Formes et degrés de servitude

Nous avons tellement l’habitude d’entendre dire et de nous dire à nous-mêmes que nous vivons dans des sociétés démocratiques et que nous sommes libres, qu’il est inenvisageable, pour beaucoup d’entre nous, que nous soyons dans une certaine mesure des esclaves. Les esclaves, ce sont les Noirs qui ont été déportés en Amérique pour qu’eux-mêmes et leurs descendants deviennent la propriété des Blancs et travaillent dans les mines et les plantations de tabac, de coton et de cannes à sucre, en étant traités comme des bêtes de somme, en mourant parfois d’épuisement et de faim, en subissant de mauvais traitements et des châtiments corporels très brutaux, en étant parfois mutilés ou exécutés pour un oui ou pour un non, et en n’ayant pas le droit de posséder des armes et de s’entraîner au combat, afin qu’ils ne puissent pas et ne sachent pas se défendre. Ce serait donc minimiser l’esclavage des Noirs d’oser nous comparer aux esclaves noirs, surtout si nous sommes des Blancs.

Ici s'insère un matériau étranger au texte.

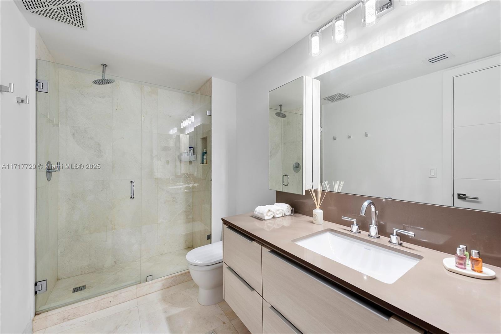 Enjoy stunning panoramic views of Biscayne Bay, the Atlantic Ocean, and the city skyline from every room or your huge balcony! This completely remodeled condo has high ceilings and an ideal split floor plan featuring two master suites with floor-to-ceiling windows. Open modern kitchen with top-quality finishes and appliances like Sub-Zero & Miele. Solid doors, AC linear vents, electric blackouts, shades, custom-built walk-in closets, and much more. This is the newest waterfront building in tree-lined South Brickell with quick access to I-95 & US-1. Amenities include a state-of-the-art gym, steam room, marina, pool, jacuzzi, tennis court, kids’ playground, café with market, dog park, 24-hour valet parking, BBQ area, party room & more!
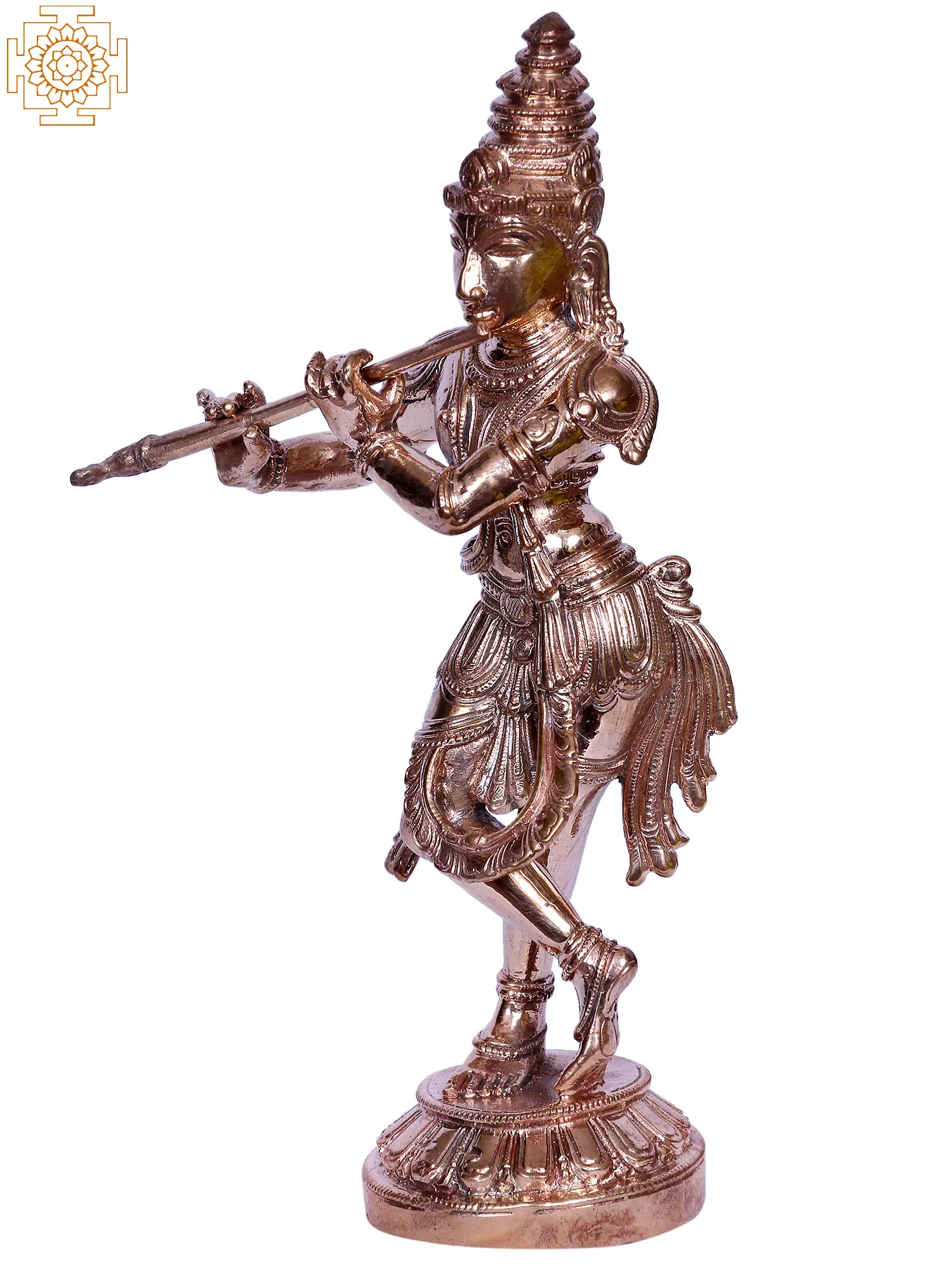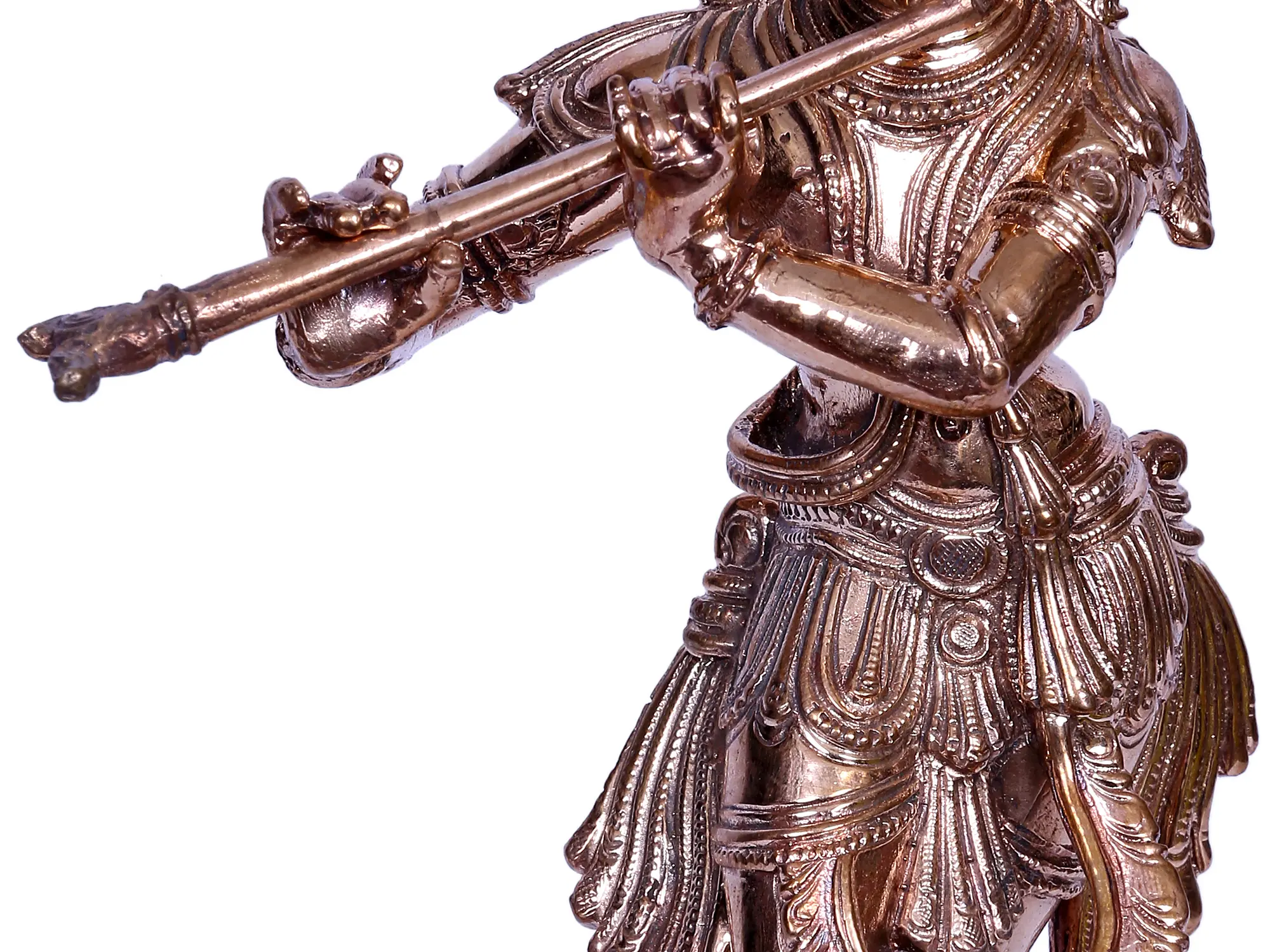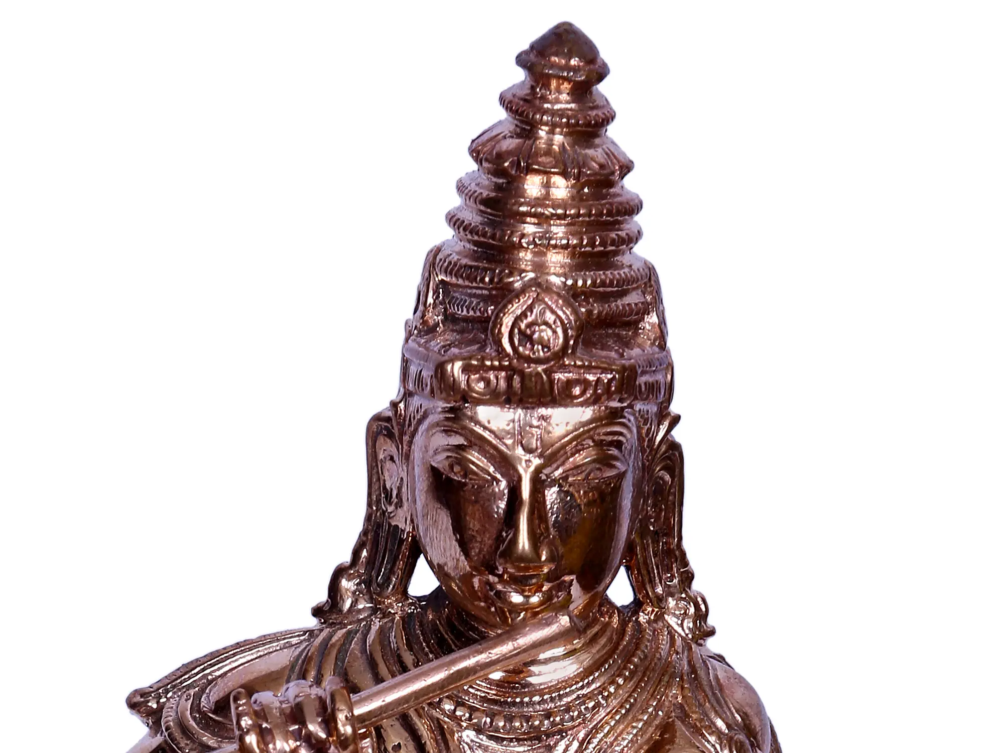 In a sublime manifestation of divinity, Lord Krishna, “also known as Madhav”, graces the cosmos, poised upon a lotus pedestal in the “Natvar Asana posture”. Radiant purity emanates from his being, adorned in regal splendour crowned by “Ratnapara”. A beautiful “Dhoti” drapes his divine form, embellished with celestial jewels that reflect the cosmos’ brilliance. With mellifluous notes, “Murlidhar” engages in the eternal cosmic dance, playing the flute that orchestrates the melody of creation. Crafted in Panchaloha bronze from “Swamimalai” using the ancient “Madhuchista Vidhana (Lost-Wax) technique”, this sacred statue symbolizes the cosmic harmony orchestrated by the Supreme, a reminder of the divine melody that weaves through existence, inviting souls to dance in the eternal rhythm of existence.
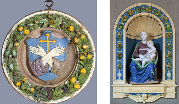 (Left) Attributed to Luca della Robbia the Younger, Coat of Arms of the Franciscan Order, c. 1525, North Carolina Museum of Art, Raleigh. Purchased with funds from the North Carolina State Art Society (Robert F. Phifer Bequest), G.55.25.2
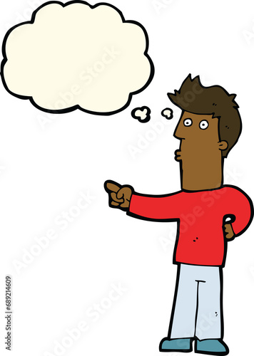 Obraz premium cartoon man pointing with thought bubble
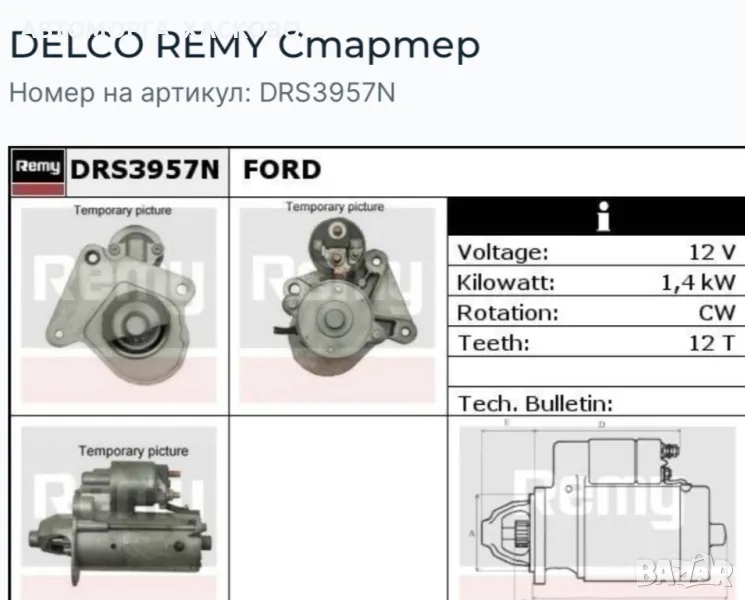 Стартер за Ford Fiesta mk 5 mk 6 Ford B-Max Mazda 2 1.4 CD
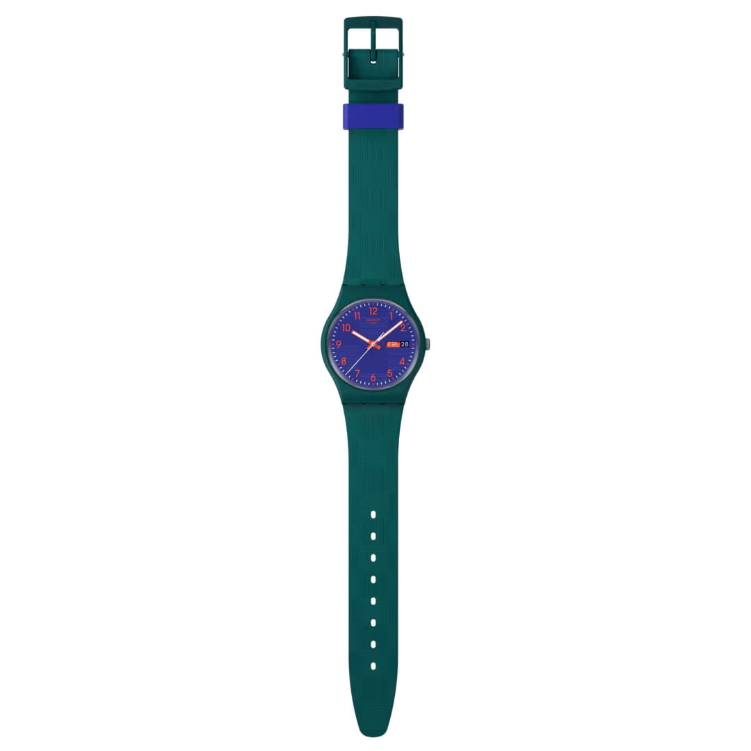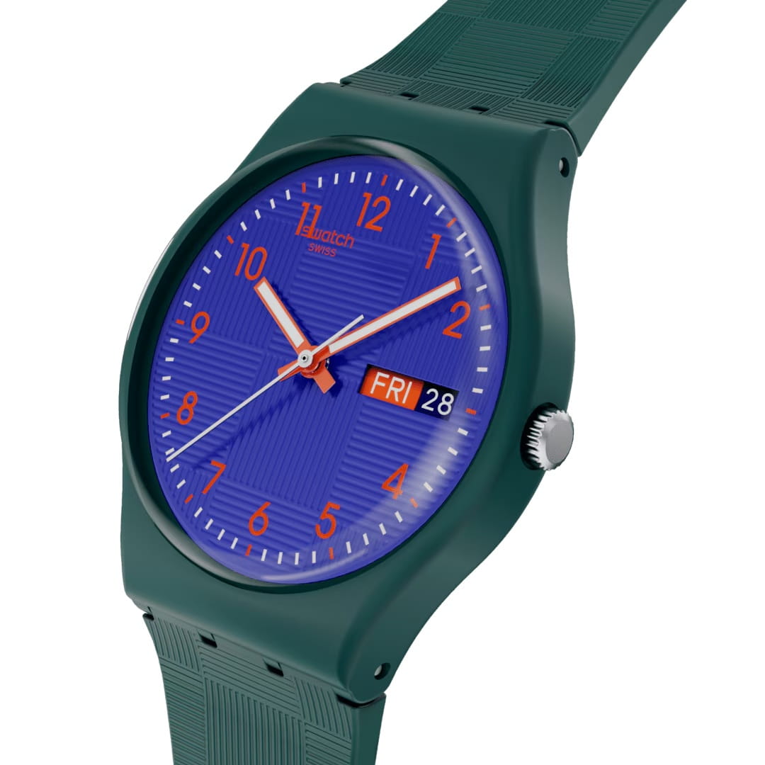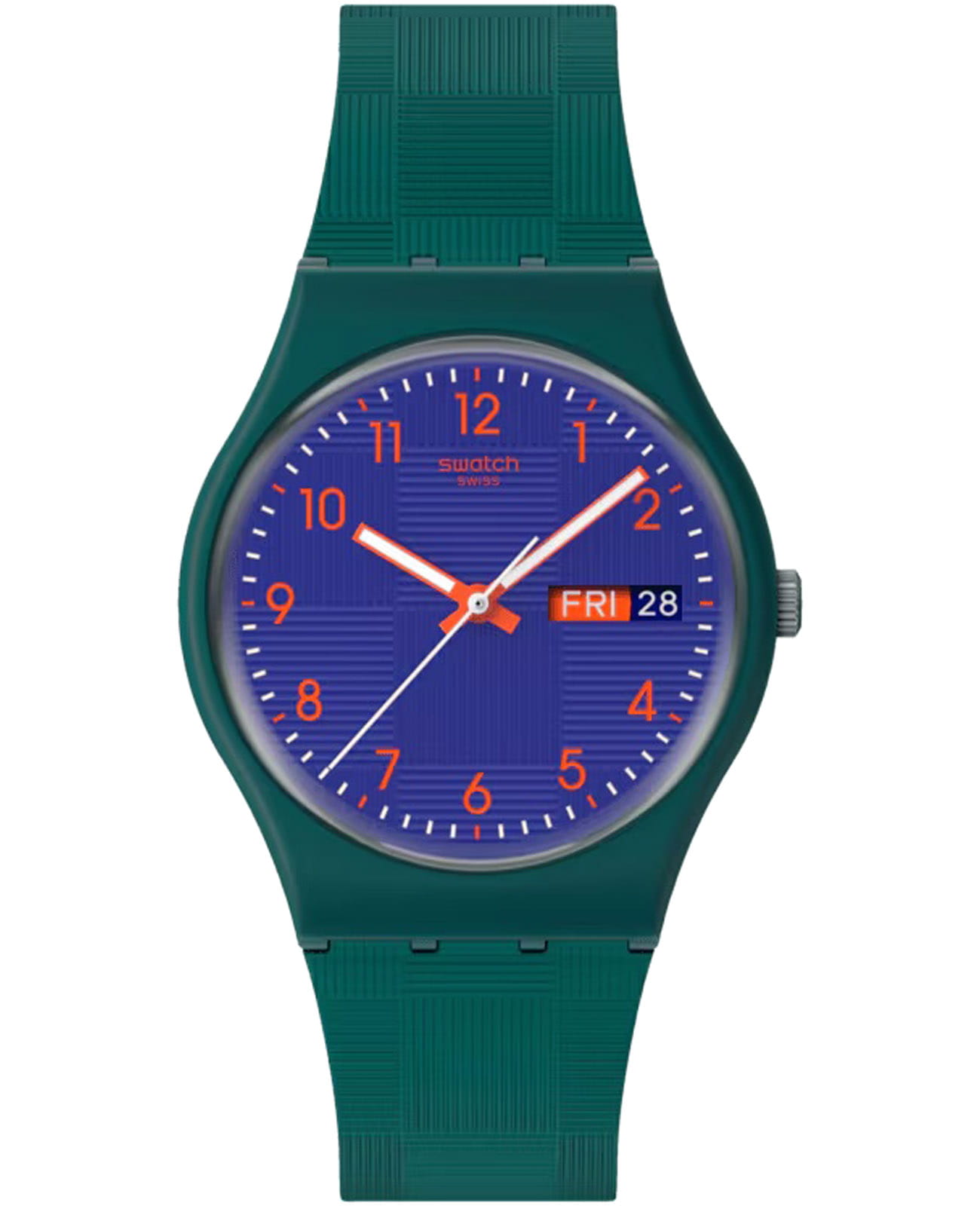 Женские наручные часы Swatch PATTERN FORMATION SO28N706 — это стильный и современный аксессуар для тех, кто ценит лёгкость и комфорт. Корпус выполнен из пластика, диаметром 34 мм и толщиной 8,75 мм, что обеспечивает долговечность и утончённый внешний вид. Циферблат защищён органическим стеклом, устойчивым к повреждениям. Модель оснащена кварцевым механизмом, обеспечивающим высокую точность хода. Часовая и минутная стрелки с люминесцентным покрытиемЛюминесцентное покрытиеПозволяет считывать показания времени в темноте. Производители наносят на стрелки, часовые индексы, безель или поверхность циферблата светонакопительный состав, дающий холодное свечение. и окошком дня недели и даты в положении «3 часа». Силиконовый текстурированный матово-зеленый ремешок на стандартной застёжке гармонично дополняет корпус и обеспечивает комфортное ношение. Водозащита 30 метров позволит защитить корпус от случайных брызг или капель дождя. Эти часы подойдут для повседневного ношения и станут ярким акцентом в вашем наряде.
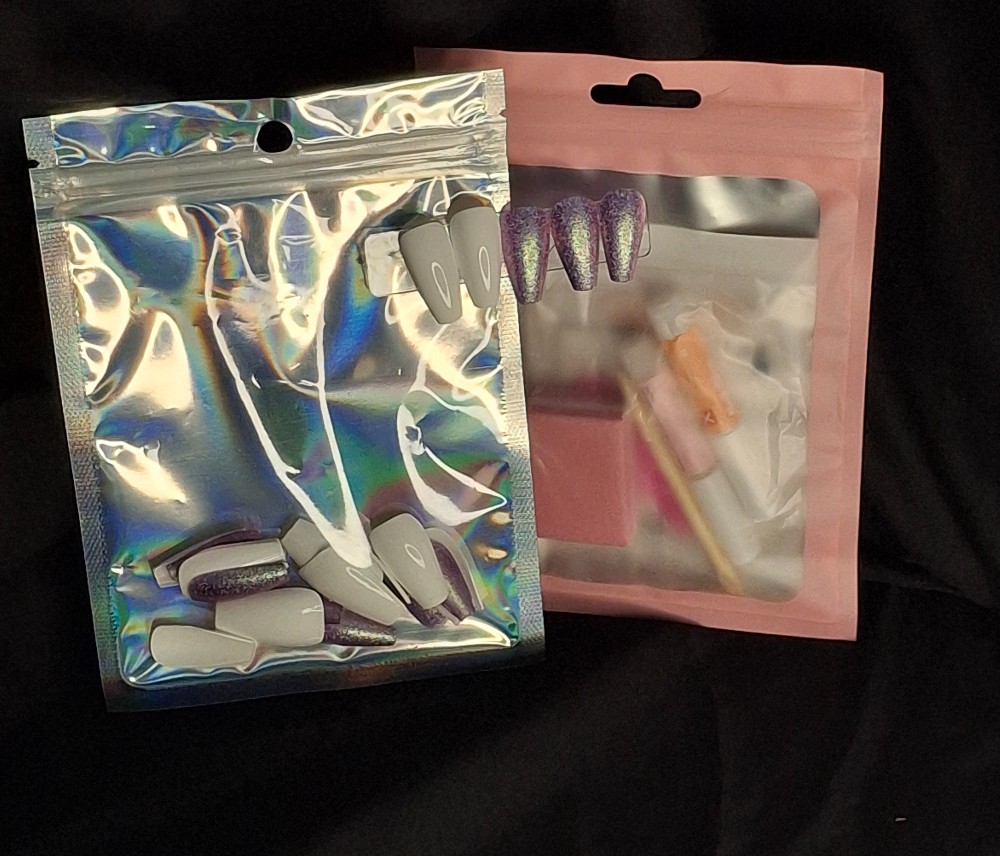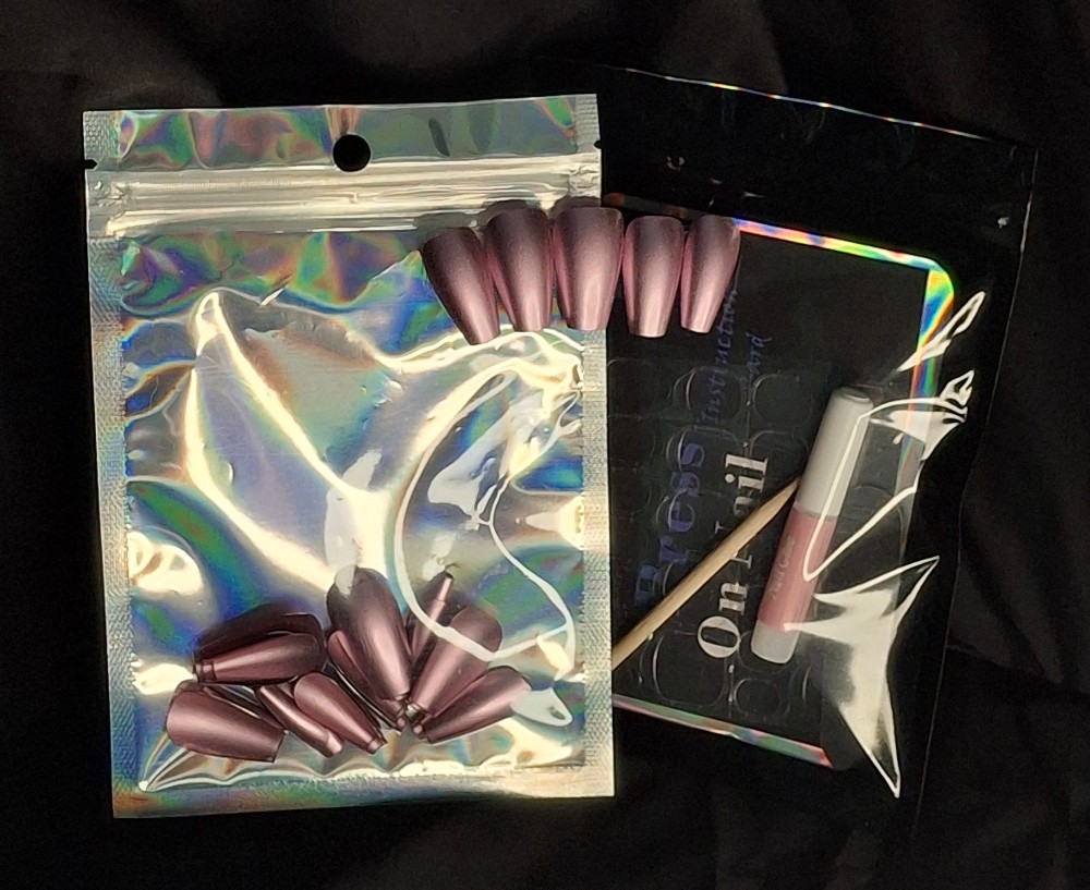 Hand-painted press ons are applied at home using nail glues/adheasive tabs(both provided). These nails are painted with regular polish focused on indie brands.

Il est vrai que nous n’avons pas été enlevés de notre pays pour servir des maîtres qui se trouvent à des milliers de kilomètres ; que nous et nos enfants ne sommes pas la propriété de nos employeurs, qui ne peuvent pas nous garder ou nous vendre ensemble ou séparément, selon leurs intérêts ou leurs caprices ; que nous pouvons changer d’emploi, d’employeur ou de profession ; que nous recevons un salaire en échange de notre travail ; que nous pouvons acheter des choses qui nous appartiennent en propre, comme de la nourriture, des vêtements, une maison ou un condominium et peut-être aussi un chalet, une voiture, une bicyclette, des vêtements, un chien ou un chat, des livres, un ordinateur et un téléphone mobile ; que nous pouvons déménager, voyager et même émigrer ; et que nous pouvons voter pour choisir ceux qui nous représenteront au Parlement et qui nous gouverneront pendant quelques années ; etc. Il serait donc exagéré de dire que nous sommes des esclaves.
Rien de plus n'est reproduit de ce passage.